EXERCISE DATA =
=====

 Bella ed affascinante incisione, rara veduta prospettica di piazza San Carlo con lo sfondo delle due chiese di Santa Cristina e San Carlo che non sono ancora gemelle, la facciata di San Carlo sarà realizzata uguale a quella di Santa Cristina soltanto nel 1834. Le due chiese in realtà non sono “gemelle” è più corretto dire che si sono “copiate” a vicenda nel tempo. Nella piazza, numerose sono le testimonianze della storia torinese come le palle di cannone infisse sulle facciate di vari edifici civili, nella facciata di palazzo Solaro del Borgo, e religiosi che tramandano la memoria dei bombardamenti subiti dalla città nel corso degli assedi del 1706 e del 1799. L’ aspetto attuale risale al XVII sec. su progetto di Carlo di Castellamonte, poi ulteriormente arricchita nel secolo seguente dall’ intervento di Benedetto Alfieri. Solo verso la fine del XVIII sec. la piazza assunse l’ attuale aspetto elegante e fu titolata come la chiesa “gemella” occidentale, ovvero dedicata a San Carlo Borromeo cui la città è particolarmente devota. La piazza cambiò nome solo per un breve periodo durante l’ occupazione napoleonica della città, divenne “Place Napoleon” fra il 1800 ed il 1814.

=====

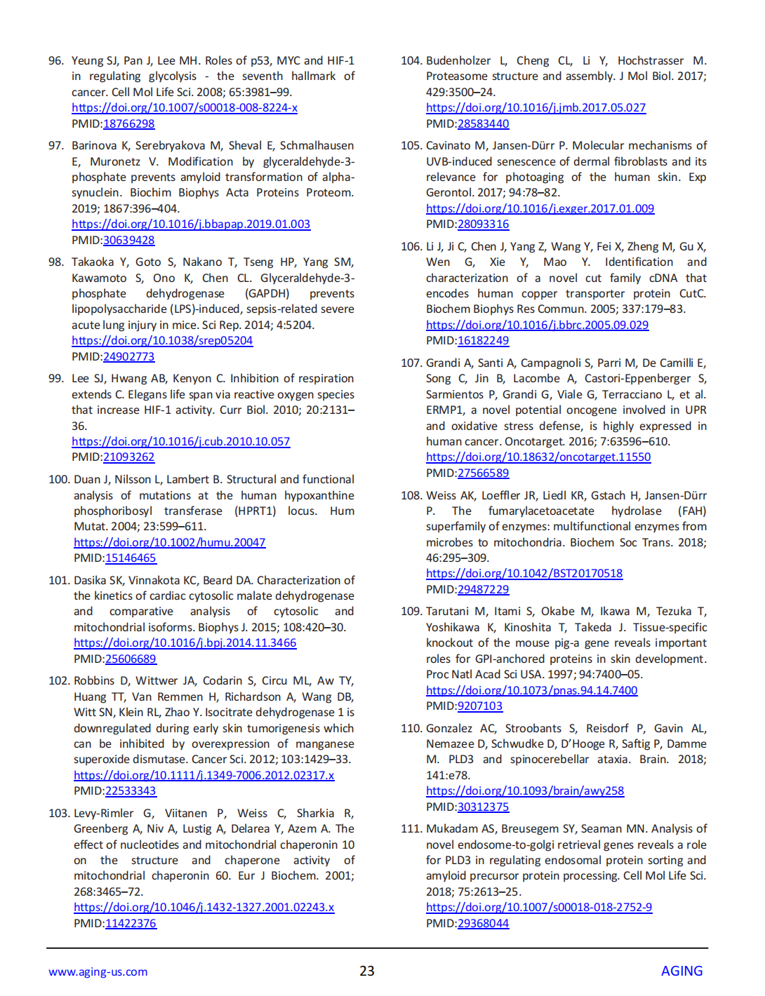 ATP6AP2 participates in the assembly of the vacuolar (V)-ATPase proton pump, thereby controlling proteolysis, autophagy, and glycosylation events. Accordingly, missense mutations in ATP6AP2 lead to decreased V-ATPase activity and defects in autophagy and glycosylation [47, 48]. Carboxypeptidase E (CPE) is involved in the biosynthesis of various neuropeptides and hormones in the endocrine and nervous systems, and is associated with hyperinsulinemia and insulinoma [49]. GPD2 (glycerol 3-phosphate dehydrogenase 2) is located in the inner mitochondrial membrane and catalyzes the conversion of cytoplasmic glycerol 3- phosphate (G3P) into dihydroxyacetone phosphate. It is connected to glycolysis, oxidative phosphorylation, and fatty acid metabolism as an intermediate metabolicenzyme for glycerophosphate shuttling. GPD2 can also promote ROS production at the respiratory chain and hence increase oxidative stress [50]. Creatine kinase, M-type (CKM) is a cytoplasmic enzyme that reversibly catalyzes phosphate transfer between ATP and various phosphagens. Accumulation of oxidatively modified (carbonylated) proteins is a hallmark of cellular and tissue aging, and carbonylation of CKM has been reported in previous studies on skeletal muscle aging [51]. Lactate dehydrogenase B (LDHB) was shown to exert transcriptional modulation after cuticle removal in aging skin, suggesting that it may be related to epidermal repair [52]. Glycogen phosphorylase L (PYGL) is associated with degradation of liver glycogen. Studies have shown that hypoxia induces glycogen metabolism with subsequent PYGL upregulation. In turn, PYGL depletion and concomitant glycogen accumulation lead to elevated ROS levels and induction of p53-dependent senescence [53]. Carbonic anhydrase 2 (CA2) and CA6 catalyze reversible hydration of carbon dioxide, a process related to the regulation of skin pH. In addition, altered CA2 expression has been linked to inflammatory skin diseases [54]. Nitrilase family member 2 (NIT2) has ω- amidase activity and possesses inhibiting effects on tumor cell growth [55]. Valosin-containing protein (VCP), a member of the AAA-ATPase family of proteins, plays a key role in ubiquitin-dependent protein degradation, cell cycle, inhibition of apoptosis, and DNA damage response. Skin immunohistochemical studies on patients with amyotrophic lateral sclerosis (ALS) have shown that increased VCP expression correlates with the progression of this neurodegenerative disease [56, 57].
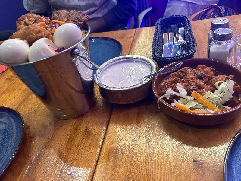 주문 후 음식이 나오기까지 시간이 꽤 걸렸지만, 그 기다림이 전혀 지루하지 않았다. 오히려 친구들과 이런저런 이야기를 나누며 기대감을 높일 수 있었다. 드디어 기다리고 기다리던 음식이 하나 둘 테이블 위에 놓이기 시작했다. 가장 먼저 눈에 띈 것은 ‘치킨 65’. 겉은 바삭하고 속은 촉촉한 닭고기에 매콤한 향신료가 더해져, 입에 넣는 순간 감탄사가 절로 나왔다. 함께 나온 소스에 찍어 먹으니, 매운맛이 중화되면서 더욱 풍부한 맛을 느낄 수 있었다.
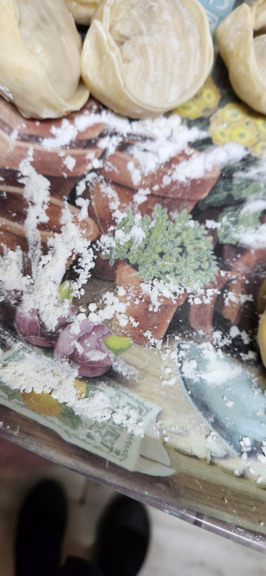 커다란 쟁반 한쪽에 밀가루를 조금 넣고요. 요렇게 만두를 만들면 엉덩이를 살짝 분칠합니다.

=====

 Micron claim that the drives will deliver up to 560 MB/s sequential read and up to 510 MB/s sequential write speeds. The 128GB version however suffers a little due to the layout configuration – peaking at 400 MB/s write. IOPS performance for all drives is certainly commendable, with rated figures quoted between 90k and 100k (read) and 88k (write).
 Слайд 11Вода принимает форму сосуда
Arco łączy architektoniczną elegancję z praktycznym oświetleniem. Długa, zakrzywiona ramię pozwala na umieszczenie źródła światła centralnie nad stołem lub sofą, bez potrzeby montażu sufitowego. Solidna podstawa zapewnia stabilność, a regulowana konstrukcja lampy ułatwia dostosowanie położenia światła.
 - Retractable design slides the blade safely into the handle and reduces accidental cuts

=====

EXERCISE DIRECTIONS = Only the lines above from the one with "주문 후 음식이 나오기까지" to the one with "커다란 쟁반 한쪽에 밀가루를" should be printed, both included and exactly as written; no picture belongs in the copy.

WRITTEN ANSWER =
 주문 후 음식이 나오기까지 시간이 꽤 걸렸지만, 그 기다림이 전혀 지루하지 않았다. 오히려 친구들과 이런저런 이야기를 나누며 기대감을 높일 수 있었다. 드디어 기다리고 기다리던 음식이 하나 둘 테이블 위에 놓이기 시작했다. 가장 먼저 눈에 띈 것은 ‘치킨 65’. 겉은 바삭하고 속은 촉촉한 닭고기에 매콤한 향신료가 더해져, 입에 넣는 순간 감탄사가 절로 나왔다. 함께 나온 소스에 찍어 먹으니, 매운맛이 중화되면서 더욱 풍부한 맛을 느낄 수 있었다.
 커다란 쟁반 한쪽에 밀가루를 조금 넣고요. 요렇게 만두를 만들면 엉덩이를 살짝 분칠합니다.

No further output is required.